Un jour je demanderai à mes parents la raison et l'occasion pour laquelle on m'avait offert alors que je commençais tout juste à lire, ce livre sur les secret de l'univers. Un beau livre à la couverture de carton épais, gris, avec une photographie de Saturne et ses anneaux. Toujours est-il que ce jour-là est née une véritable fascination pour les choses célestes et, avec elle, tout le questionnement existentiel qui peut l'accompagner : d'où venons-nous, où allons-nous ? Sommes-nous seuls dans l'univers ? Je parcourais avec une soif de connaissance sans limite ces pages de papier glacé où il était question d'étoiles en formation, de supernovae, de galaxies aux couleurs incroyables, d'amas gazeux, de trous noirs insondables et de tout un tas d'autre choses qui, à vrai dire, me dépassaient un peu du haut de mes petites années.
Un peu plus tard, pour alimenter cette curiosité totale de tout qui me caractérisait déjà alors, je me vis offrir, probablement à l'occasion d'un Noël, un très beau livre rouge sobrement intitulé "L'Univers", écrit par Laurent Broomhead, qui était à l'époque un vulgarisateur scientifique extraordinaire, du moins dans mes souvenirs.
Ce gros livre rouge, j'ai du le lire et le relire un bon millier de fois et pendant des années. Il n'y était plus seulement question de corps célestes, des planètes, de leurs caractéristiques, de quasars et autres pulsars, mais aussi de notions telles que le temps, la vitesse et l'espace, d'espace-temps, de dimensions, de la forme de l'univers et de bien d'autres choses encore qui furent, et demeurent encore aujourd'hui, des champs d'intérêts dont je ne suis toujours pas lassé.

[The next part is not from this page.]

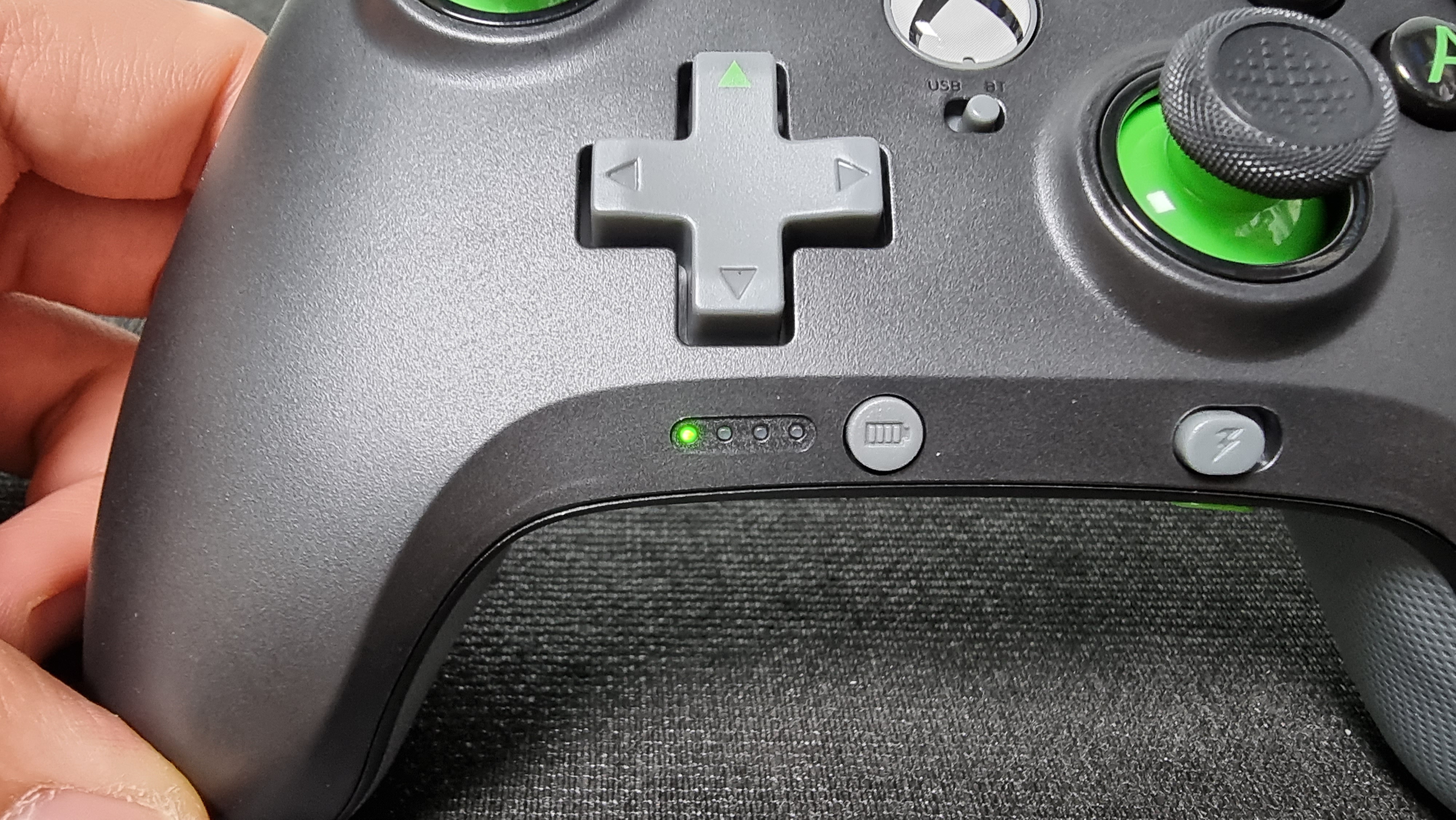 방향키 아래에는 배터리 잔량 LED가 있습니다. 참고로 게임패드로 스마트폰 등을 충전하는 보조배터리 역활도 가능합니다. LED배터리 표시 옆에 충전 모양 버튼을 옆으로 하면 핸드폰 충전을 할 수 있습니다. 스마트폰으로 게임을 하다 배터리가 없을 때 충전을 하면서 게임을 즐길 수 있습니다.

C'est à la même époque que, naturellement, j'ai commencé à lever mon nez vers les étoiles et à observer les cieux nocturnes. Par chez-nous, la campagne étant alors encore un havre de paix et les nuits parfaitement noires chose commune, cela ne suscitait guère de difficulté. Il suffisait de se mettre sur la terrasse une fois le soleil couché et d'ouvrir les yeux pour que le spectacle ne commence. Au bout d'un certain temps, j'avais acquis une petite connaissance qui me permettait de nommer un joli nombre de constellations : la Grande ourse, la Petite ourse, Cassiopée, Orion, le Cygne, Vénus...
Je me souviens aussi de cette sensation absolument fantastique lorsque, un soir, je me rendis compte que l'on pouvait parfaitement observer à l’œil nu cette chose si extraordinaire qui n'est autre que la Voie Lactée, notre propre galaxie, dont la traînée blanche si caractéristique macule le ciel. Si lointaine et pourtant si proche... Ma fascination était sans limite.
Une chose qui me sidérait alors, et qui d'une certaine manière me sidère encore, c'est de concevoir que ce que je voyais dans le ciel n'était pas tant les étoiles en elles-mêmes, mais la lumière qu'elles avaient envoyée à travers des milliards et des milliards de kilomètres de distance, plusieurs milliards d'années auparavant, et que ce que je voyais n'était qu'une image de quelque chose qui peut-être n'existait plus, et que la lumière de cet instant ultime ne m'arrivera jamais, faute pour moi d'être là le moment venu...
S'il est un de mes rêves d'enfants qui n'a jamais été réalisé, c'est bien celui de posséder une longue-vue ou un petit télescope pour regarder tout cela de plus près, de pouvoir notamment scruter la face de la lune ou de mieux voir la forme de ce gros point brillant bas dans le ciel et que je savais être Jupiter. Adolescent je me souviens avoir franchi le seuil d'un magasin spécialisé pour me renseigner sur les prix et modèles de ces appareils qui s'étaient depuis fortement modernisés.
Cette passion ne m'a jamais quitté. Passion est certes un peu excessif mais je reste, en tout état de cause, captivé par toutes ces questions-là, pour certaines aux confins de la science, et qui me procurent ce vertige si spécial, lorsque j'y pense, de toutes ces choses pour lesquelles nous n'avons qu'une compréhension minime et qui sont pourtant bel et bien là, sous nos yeux et dont nous sommes partie intégrante.
Aujourd'hui je n'ai toujours pas de télescope et je n'ai toujours pas observé Jupiter à travers une longue-vue. Mais c'est le même frisson de grandiose qui me parcourt tout entier des pieds jusqu'à la tête lorsque, au bénéfice d'une belle nuit au ciel clair comme celle encore de samedi dernier, je me promène le nez au vent, les yeux plongés dans les étoiles.